It’s been a bit surreal recently. After 5 years of dedicated writing, resulting in hundreds of thousands of words, I simultaneously got published and interviewed last week.
One interview question asked about advice for new writers. I chuckled at this since I still feel new. It’s strange how, after writing several novel drafts and many short stories and poems, I often feel like I don’t know what I’m doing (and it’s not about being a discovery writer). Ernest Hemingway did say of writing that “we are all apprentices in a craft where no one ever becomes a master.”
But there’s that one thing that always feels right that I never used to do: write consistently. When I was a little kid playing Super Mario RPG on Super Nintendo, I would both draw and write fiction related to that universe. In high school, I wrote a short story about a thriving civilization hidden in a massive glacier. In college, I wrote terrible, angsty poetry and an equally terrible first novel. Still, it wasn’t consistent.
I loved to immerse myself in writing and reading, but I didn’t do it enough. It was easier for me to dream about an idyllic writing lifestyle than live it. I would say I didn’t have enough time or that I was terrible at it, but I was afraid of failing at it. I felt ever more anxious, frustrated, and uncertain the longer I didn’t do it. It felt like something was missing.

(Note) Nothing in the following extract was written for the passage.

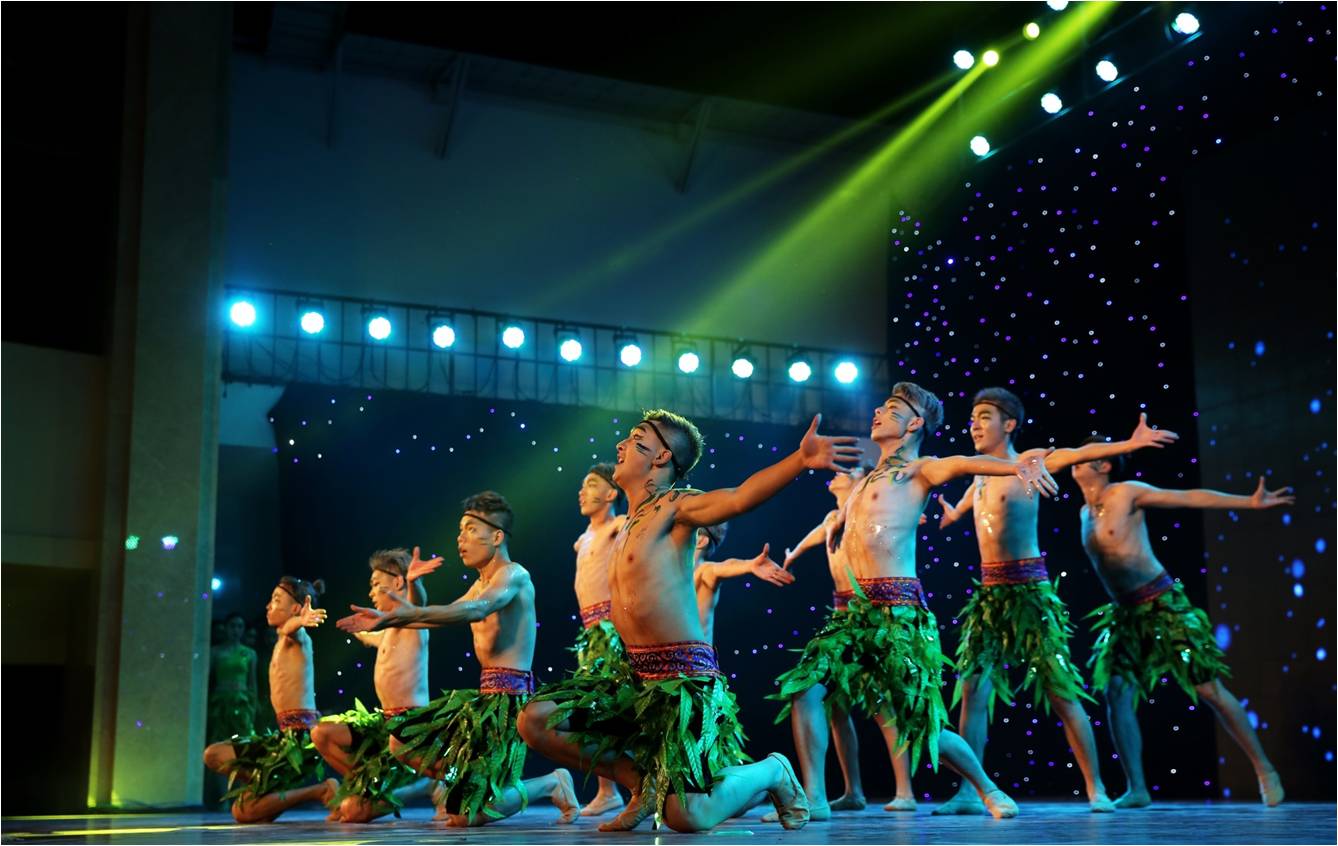 在舞蹈大赛中,我们参赛作品《吉祥树》以漫天闪亮的繁星为背景,以树叶作为衣物上的装饰,新闻院的出场吸引了很多观众的目光。为了节目效果,参加表演的男生全都裸着上身,他们踏着节奏感强劲的鼓点,开始舞蹈。整支舞蹈节奏多变,色彩明艳,借树木枝繁叶茂的形象体现出中华儿女与祖国血脉相连的骨肉情,男女舞者以绚丽的舞姿,为祖国送出一树吉祥。

I quoted Pam Allyn in my advice to new writers. She said, “Reading is like breathing in, and writing is like breathing out.” What I didn’t include in my interview is that writing and reading feel as vital as breathing to me. If I don’t do them, I don’t feel complete. The only way I can fail writing (and myself) is by not doing it. Lawrence block said, “One thing that helps is to give myself permission to write badly. I tell myself that I’m going to do my five or 10 pages no matter what, and that I can always tear them up the following morning if I want. I’ll have lost nothing—writing and tearing up five pages would leave me no further behind than if I took the day off.”
If you tend to live a bit inside your head or feel anxious about never writing (or reading), what do you have to lose by doing it? If you can find a sense of profound fulfillment doing it like I did, you’ll keep coming back again and again for it until writing becomes a fabric of your being.
I don’t write to be published (and you don’t have to either), but if we are published, maybe someone who needs a breath of fresh air will see it, and they can start breathing their own words onto their own page.